Company Changelog

📘

Beta Product (v27.0)

This product is currently in beta as of the July 2024 (v27.0) release. While we do not anticipate major changes to the product, we hope to collect customer feedback over the next few releases to determine any further improvements or refinements to make to this product.

If you have any feedback on the Company Changelog please reach out or share it with your customer success team.

The Company Changelog is a supporting product for our customers to understand the changes made to our company data between releases. It contains the metadata of ids that were added, updated, merged or deleted between quarterly and monthly releases.

Similar to our Person Changelog, the Company Changelog is intended to help facilitate more CRUD-style data ingestion operations for our customers (as opposed to less efficient “wipe-and-replace” approaches).

How it works

Each month, we generate a flat file inthis public AWS bucket, containing the subset records from our full Company Dataset that have changed in the current data build compared to the previous month’s build. Each quarter, we also generate a quarterly changelog as well comparing the current build to the previous quarter’s build. Changelogs are separated by update cadence with the following paths:

  • Monthly: s3://pdl-prod-id-changelog/{version}/company_monthly/
  • Quarterly: s3://pdl-prod-id-changelog/{version}/company_quarterly/

Each changelog file is divided into multiple parts, each capped to a file size of approximately 100MB.

Definitions

Within each Changelog is a list of company records with the following fields:

FieldDefinition
idThe company ID for the record
statusThe type of change that occurred to this record from the previous_version to the current_version of the company dataset.
current_versionThe current dataset version (used to calculate if the record has changed)
previous_versionThe previous dataset version (used to calculate if this record has changed)
additional_metadataAdditional metadata which may be provided depending on the status type

Status Types

The status field describes how the record has changed, and there are are 4 unique values for the status field:

StatusDefinition
updatedA record that had a value change to any non-insights field or had a record merged into it.
mergedA record that was merged into another record (and as a result no longer exists in the current dataset)
deletedA record that was deleted and no longer exists in the current dataset
addedA record that did not exist in the previous dataset version and was added in the current version

Additional Metadata

Metadata FieldCorresponding Status TypeDescription
containsupdatedThe company IDs of any records that existed in a previous version and have been merged before or during the current version.
fields_updatedupdatedThe specific fields of the record that have changed. Changes for child fields will be limited to their parents. For example, if a record’s location.name changes, that will be shown as “fields_updated”: [“location”].
tomergedThe company ID that this record has been assigned in the current version.

Examples

{
    "id": "123",
    "previous_version": "14.0",
    "current_version": "15.0",
    "status": "added",
    "additional_metadata": None
}
{
    "id": "123",
    "previous_version": "14.0",
    "current_version": "15.0",
    "status": "deleted",
    "additional_metadata": None
}
{
    "id": "123",
    "previous_version": "14.0",
    "current_version": "15.0",
    "status": "merged",
    "additional_metadata": {
        "to": [
          "abcabc",
          ...
        ]
    }
}
{
    "id": "123",
    "previous_version": "14.0",
    "current_version": "15.0",
    "status": "updated",
    "additional_metadata": {
        "contains": [
          "123123",
          ...
        ],
        "fields_updated": [
          "name",
          ...
        ]
    }
}

FAQs

Q: How are updates determined in the Company Changelog?

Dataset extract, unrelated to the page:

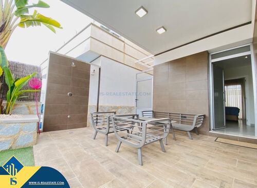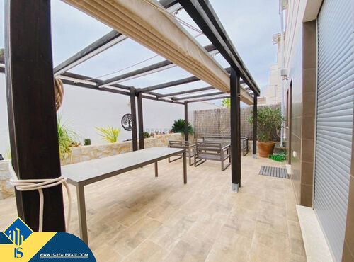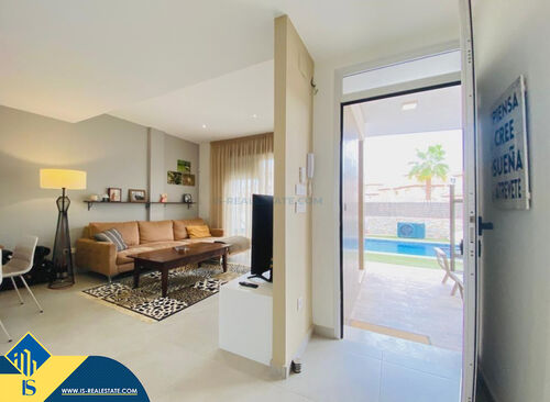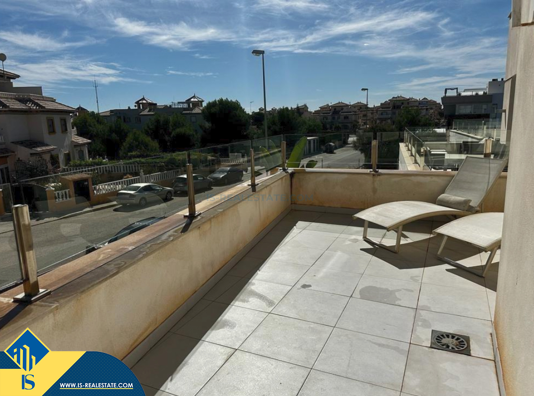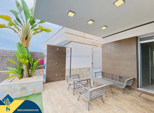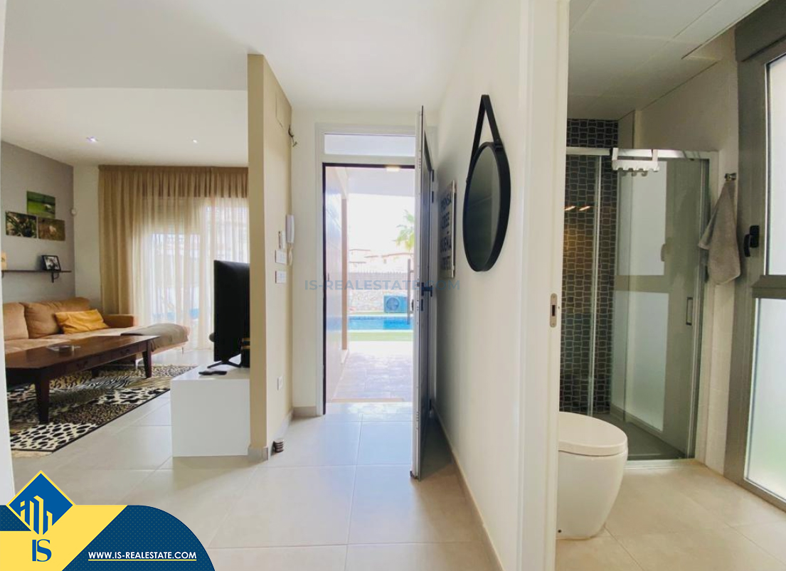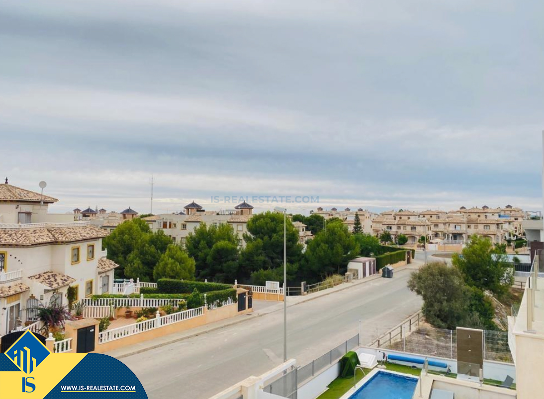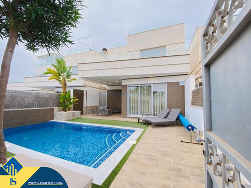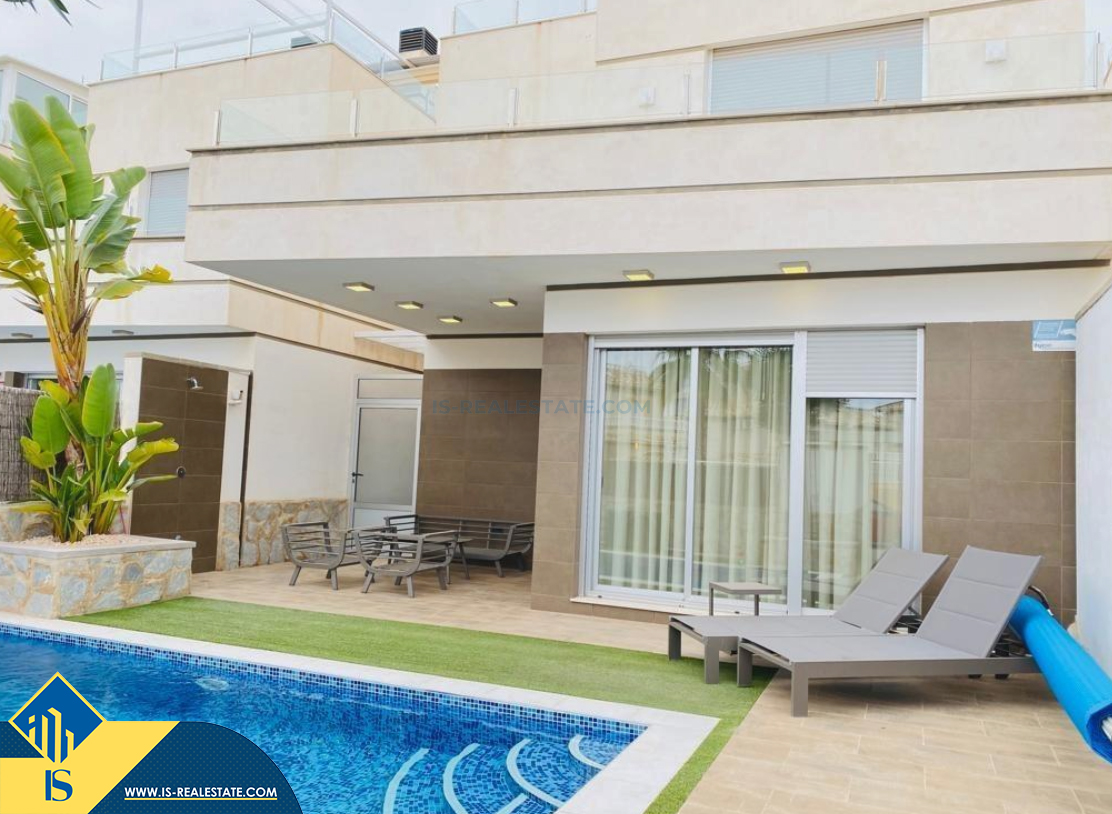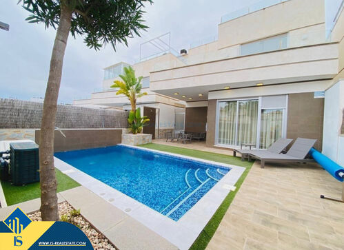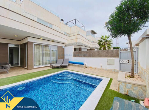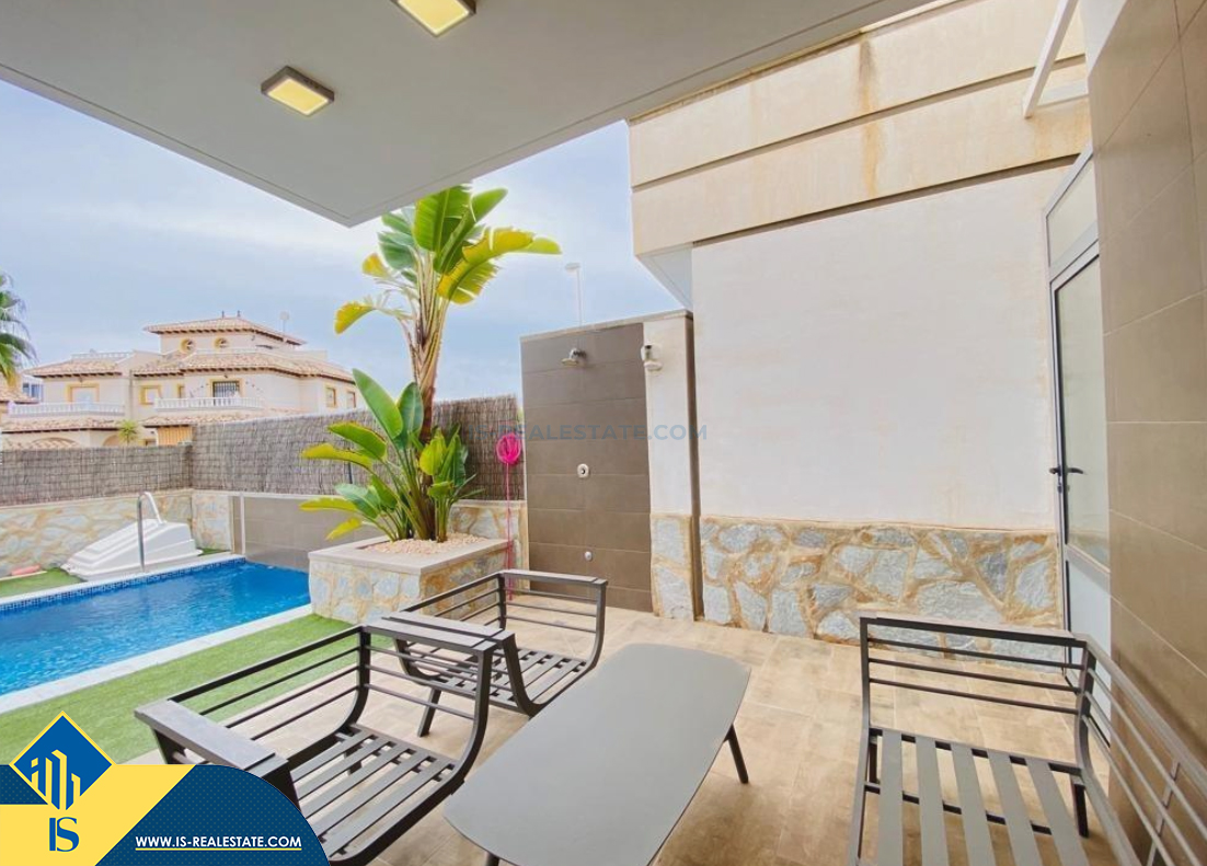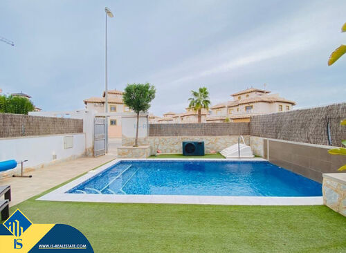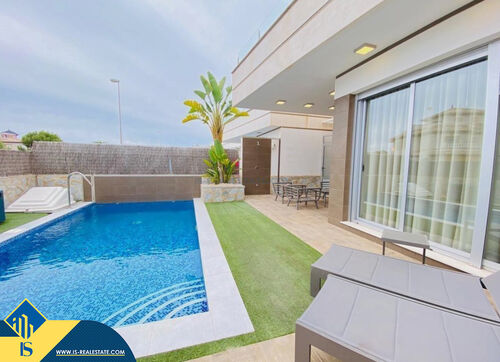 4-room villa of 2016 construction, in the province of Alicante, Orihuela Costa, Spain, 2.2 kilometres to the sea, total surface of 257 m², 54 kilometres to Alicante airport. The property has a courtyard, private swimming pool, parking space for a vehicle. Near the property there are shops, restaurants, bus stops, children's areas, petrol stations, green areas, cafes, hospital, tennis courts, supermarket

Records are defined as being updated when any existing public field has had a value change from the previous build to the current one. The set of fields used in the update calculation does not include the company insights fields.
See here for the full set of fields that are included in the update calculation: Company Changelog Fields


Q: Are changes in the company insights fields counted in the Updated category?

No, the company insights fields are specifically not counted in the company changelog calculations. This is because most of these fields contain temporal data that expected to change every month. As a result, including these fields in the changelog would add significant noise to the changelog making it harder to extract the meaningful changes across each build.